A ce point, la question se pose de savoir qu’est-ce qui, dans la condition "oscillatoire", permet au sujet une meilleure estimation de la distance parcourue ? Pour rappel, le flux oscil-latoire utilisé dans cette première expérience résulte d’un mouvement biologique théorique supposé modéliser les mouvements de tête pendant la marche (Lécuyer & al.,2006). En tant que tel, ce modèle théorique présente différentes propriétés dont on peut se demander si elles sont ou non responsables de la meilleure estimation de la distance parcourue ? Deux propriétés ont retenu notre attention : la rythmicité et le caractère biologique des oscilla-tions. En d’autres termes, est-ce la rythmicité "pure" (régularité parfaite) donnée par le flux ou bien est-ce le caractère biologique (période, longueur de pas, amplitudes des oscillations) de ce flux qui est en cause dans les performances observées ? Pour répondre à cette question, dans une seconde expérience nous avons repris le même protocole que l’expérimentation n°1 (seules les distances variaient), en comparant cette fois trois conditions de simulation visuelle de déplacement : une condition de flux "linéaire", une condition de flux "rythmique" et une condition de flux "biologique". Par souci de distinction entre les deux conditions non-linéaires, le flux "rythmique" est caractérisé par une régularité clairement non biologique. Par ailleurs, par souci de rapprochement accru avec un comportement naturel, le flux "biologique" est caractérisé, non plus par une modélisation théorique, mais par une concaténation de signaux biologiques préalablement enregistrés.

Experience n°2

Les résultats de l’expérience n°2 semblent indiquer que les conditions "biologique" et "rythmique" permettent une meilleure estimation de la distance parcourue, par rapport à la condition "linéaire", mais que les conditions "biologique" et "rythmique" ne se distinguent pas significativement. Cet effet du mode de simulation visuelle de déplacement est cependant dépendant de la distance de l’observateur à la cible. En effet, la différence mesurée entre les modes "biologique" et "rythmique" comparativement au mode "linéaire" est vérifiée pour les "grandes" distances, mais pas pour les courtes distances. Tout comme dans l’expérience n°1 ces résultats sont soutenus par les valeurs des paramètres du modèle deLappe & al.(2007).

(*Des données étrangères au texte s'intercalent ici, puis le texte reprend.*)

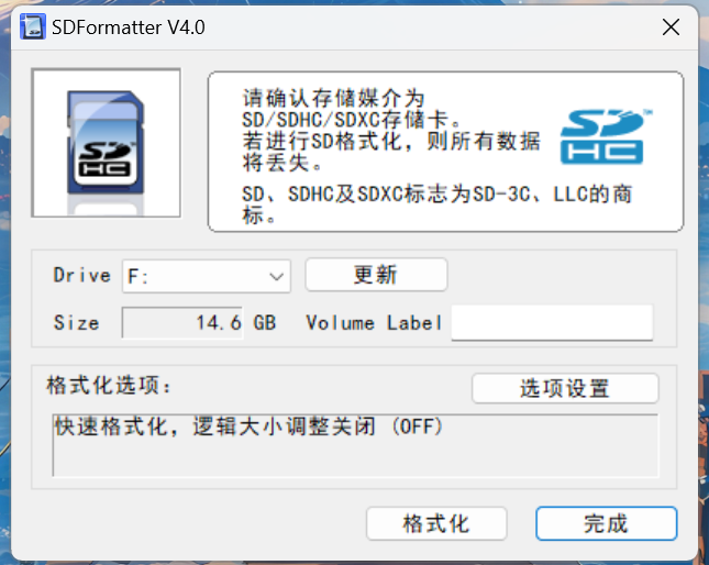 下载并安装格式化 SD 卡工具(自行搜索),以下操作以 SD Card Formatter(推荐) 格式化工具为例

Globalement, ces résultats peuvent être comparés avec ceux obtenus dans une séries d’expériences menées sur la "vection" (Seno & al.,2011;Kim & Khuu,2014) suggérant que des stimulations de cette sorte pouvaient maintenir la sensibilité des sujets aux mouvements rétiniens et par conséquent réduire leur adaptation à la composante radiale du mouvement. Cette hypothèse pourrait être compatible avec la réduction du taux de fuite concernant les conditions de flux optiques oscillatoires.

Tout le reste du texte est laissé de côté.